Deploying a Clickhouse cluster on 3 machines is almost instant if you are familiar with what you are doing and could take you a few hours to do properly if you are learning everything from scratch.
No need for obscure libraries, no endless configuration files, user permission issues and arcane problems with data distribution and replication.
2 It’s not fragile. One horrible thing I’ve noticed in my rendezvous with various “big data” technologies (spark is a chief offender here) is that they tend to often break with no warning and for no apparent reason. Even worse, they give little information as to why the problem happened within the humongous logs they generate.

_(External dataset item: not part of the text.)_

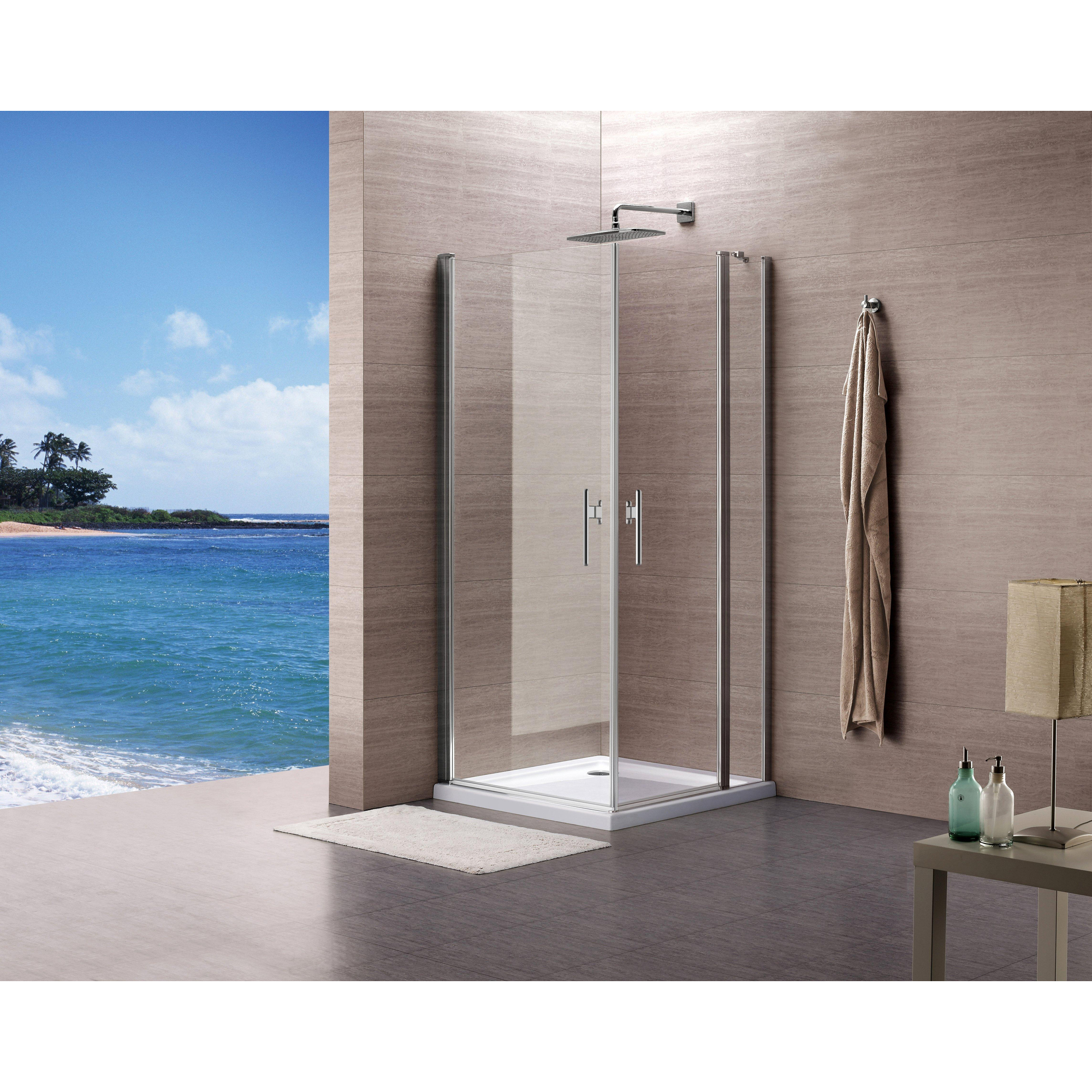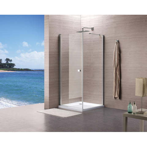 Royal Plaza Hendra Porte de douche pivotanmte - 120x195cm - paroi fixe - verre clair - clean - Chrome - DESTOCKAGE

Clickhouse is designed to recover from failure and it produces quite a reasonably sized system log with clear explanations of the problems it encountered.
3 It doesn’t reinvent the wheel, it adds a steam engine to the carriage. Perhaps the most amazing thing about Clickhouse is that it doesn’t try to push a lot of limitations on you nor does it force you to completely re-think the way you store and query your data.
Its data types cover everything from nested structure to matrices, it has a gigantic library of functions and one of the most versatile query language that I’ve ever seen.
Unlike Map-reduce or other column store solutions, that will force you to rethink your entire schema, you can pretty much duplicate a transactional database schema with Clickhouse and it will do just fine.
4It’s actually got quite an amazing documentation and a great community. Perhaps the nastiest thing with “big data” technologies nowadays is that most of them are designed in order to sell support.
A prime example of this would be Druid, open source and free in theory, but an unbreakable bastion of weird complexity coupled with a complete lack of documentation and community involvement.
Clickhouse’s documentation is relatively easy to search through and it’s being groomed, expanded and improved constantly.
The community is nothing short of amazing, it’s quite tiny, consisting of the developers and users from Yandex plus a few other early adopters, but that hasn’t stopped every question and issue I raised on Github and StackOverflow from being answered within hours.
The developer also seem to very receptive to contributors external to Yandex.
Enough talk, let’s install the thing
The first step is to install Clickhouse, for the purpose of this tutorial, it’s best to have a machine running Debian or Ubuntu, since that’s the official OS Yandex supports.
It’s also quite easy to install it on Fedora, CentOS, Suse and RHEL, I’ve personally installed it with success from the AUR repository on Arch, it exists as a package for Gentoo. If all else fails, you can use the docker image or build it from source.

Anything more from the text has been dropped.